MASS MURDER OF CHILDREN
All this went on as the Nazis took control of the country. As far as the Nazis were concerned, as long as the Croatian militia carried out their orders to round up and intern Jews from the region, the troops were at liberty to persecute whoever else they pleased. Thus, as well as rounding up Jewish and Roma people, the Ustase interned many Serbs. In one of the worst war crimes to take place in Yugoslavia, over 6,000 children were separated from their parents and taken to a camp at Sisak. There, they lived in squalid conditions without enough to eat or drink, until around 1,600 of them died. A similar scene took place at the concentration camp of Jastrebarko, where over 3,000 children met with the same type of neglect, and hundreds of them dying in the process.
At the end of the war, the horrifying statistics on the carnage were revealed. It is estimated that in total, 11,176 Serbian children die between 1941 and 1942. Of these, the majority were boys.

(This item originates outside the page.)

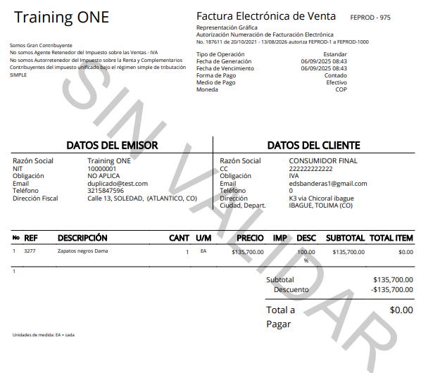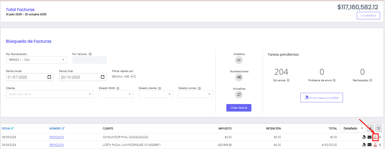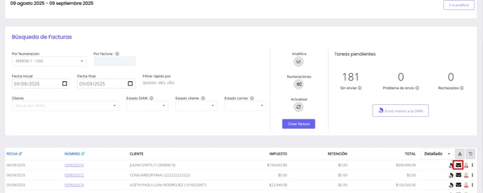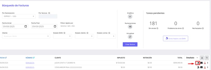 • 2. Una vez enviada la factura a la Dian, puedes enviar la factura a tu cliente, haz clic en el icono de sobre. Cambiará de negro a verde, indicando que se envió correctamente.

Tragically, the average age of the children was six-and-a-half years old.
THE ARCHITECT OF GENOCIDE
The architect of the Serbian massacres was Ante Pavelic, the leader of the Croatian National Socialist Ustase movement, who became head of the so-called Independent State of Croatia when the Nazis invaded the Balkans during World War II. Far from being an independent state, as its name suggested, Croatia in fact became a puppet state of the Third Reich, and it set about supporting the Germans in their persecution and murder of the Jews and Roma people. In addition, the Croatian Ustase pursued their own agenda, which was to rid the country of the Serbian nationals living there, without opposition from the German government.